» **Collected data**:

>>>>>

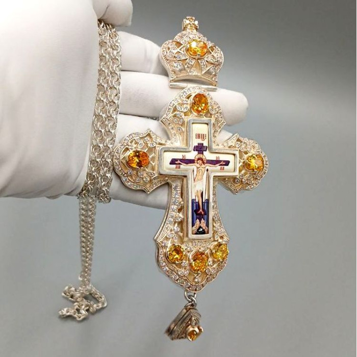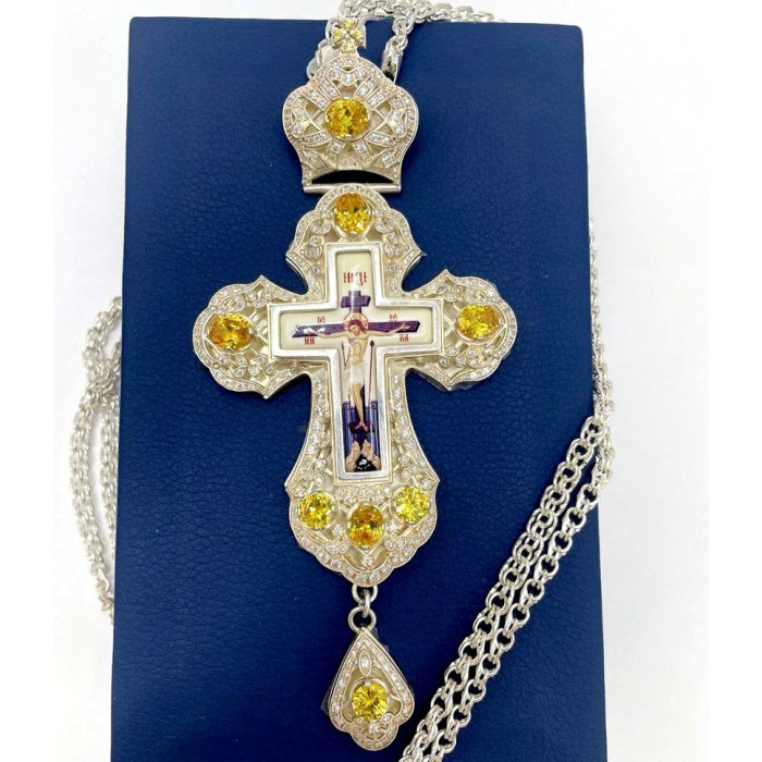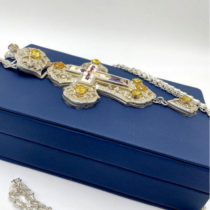 Православний наперсний хрест для священика з латуні в срібленні з принтом і ланцюгом, прикрашений вставками фіанітів.
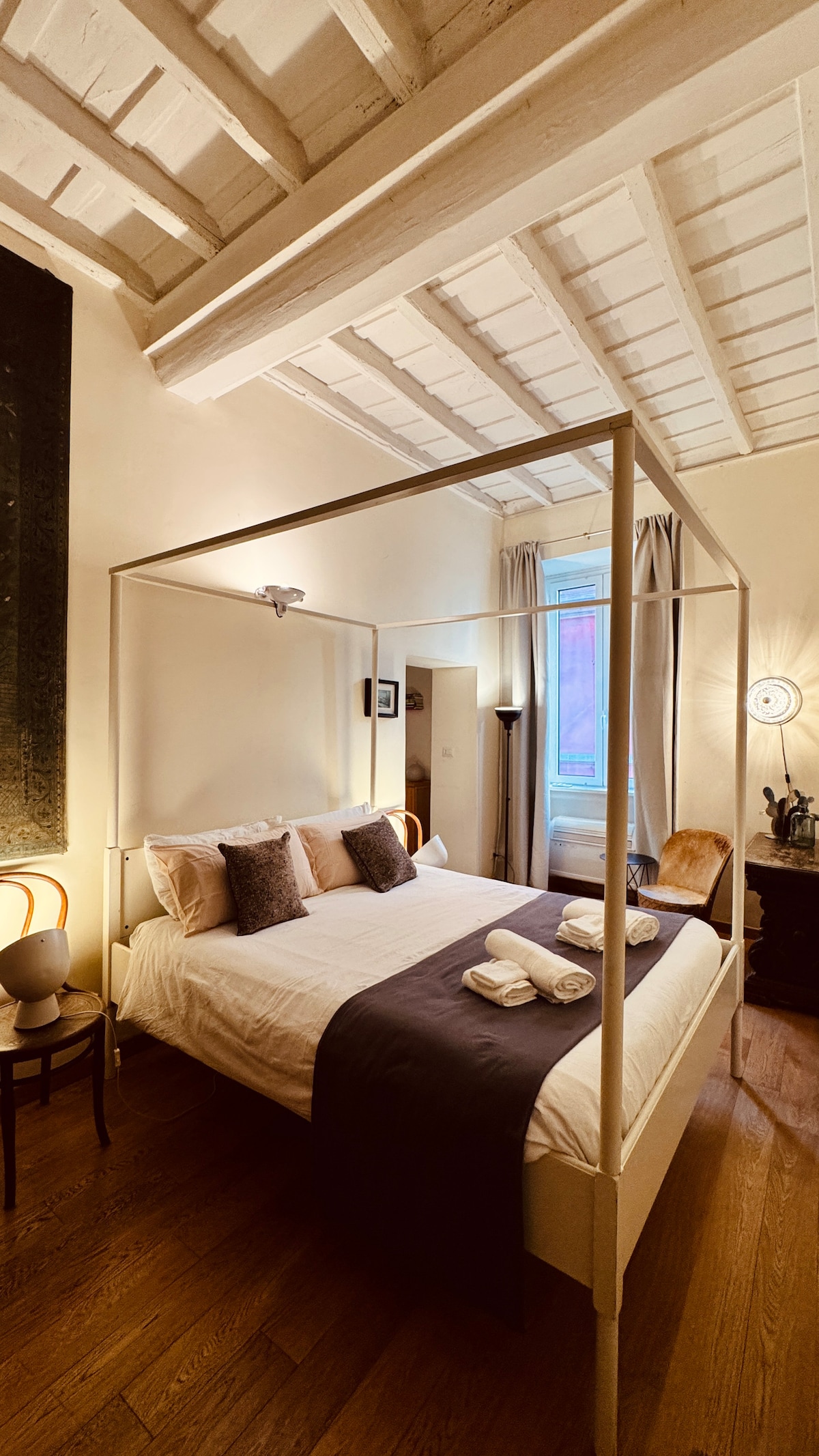 Precioso y confortable estudio situado en el centro histórico de Roma, en un edificio de época a pocos metros del Panteón. Completamente reformado, se encuentra en una cuarta planta sin ascensor. Decorado con estilo, se caracteriza por su espléndido techo con vigas de madera, suelos de parqué y chimenea de mármol. Desde el pequeño balcón se puede disfrutar de la vista del característico callejón y de los tejados de Roma. La ubicación es estratégica e ideal para visitar a pie las maravillas de Roma.
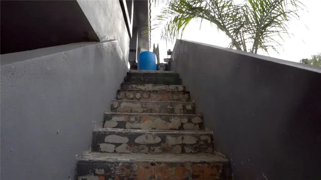 As you walk through the gate and up the gentle slope, you’ll find the very large 1-bedroom ADU, complete with an outdoor sitting area. Inside, it features a full bathroom with a regular tub, a balcony and a spacious bedroom.
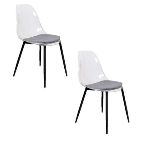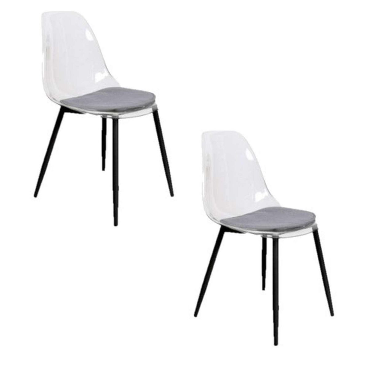 Ces belles chaises transparentes sublimeront votre espace tout en y apportant de la lumière. Leur galette rembourrée les rend ultra-confortables.FICHE TECHNIQUE- Pieds et structure en métal.- Assise en plastique transparent.- Coussin rembourré en polyéthylène.- Matériel et notice inclus.- Lot de 2.C

<<<<<

» **Problem requirements**:
Could you give the listing again exactly as it stands, minus any pictures?

» **Result of the task**:
 Православний наперсний хрест для священика з латуні в срібленні з принтом і ланцюгом, прикрашений вставками фіанітів.
 Precioso y confortable estudio situado en el centro histórico de Roma, en un edificio de época a pocos metros del Panteón. Completamente reformado, se encuentra en una cuarta planta sin ascensor. Decorado con estilo, se caracteriza por su espléndido techo con vigas de madera, suelos de parqué y chimenea de mármol. Desde el pequeño balcón se puede disfrutar de la vista del característico callejón y de los tejados de Roma. La ubicación es estratégica e ideal para visitar a pie las maravillas de Roma.
 As you walk through the gate and up the gentle slope, you’ll find the very large 1-bedroom ADU, complete with an outdoor sitting area. Inside, it features a full bathroom with a regular tub, a balcony and a spacious bedroom.
 Ces belles chaises transparentes sublimeront votre espace tout en y apportant de la lumière. Leur galette rembourrée les rend ultra-confortables.FICHE TECHNIQUE- Pieds et structure en métal.- Assise en plastique transparent.- Coussin rembourré en polyéthylène.- Matériel et notice inclus.- Lot de 2.C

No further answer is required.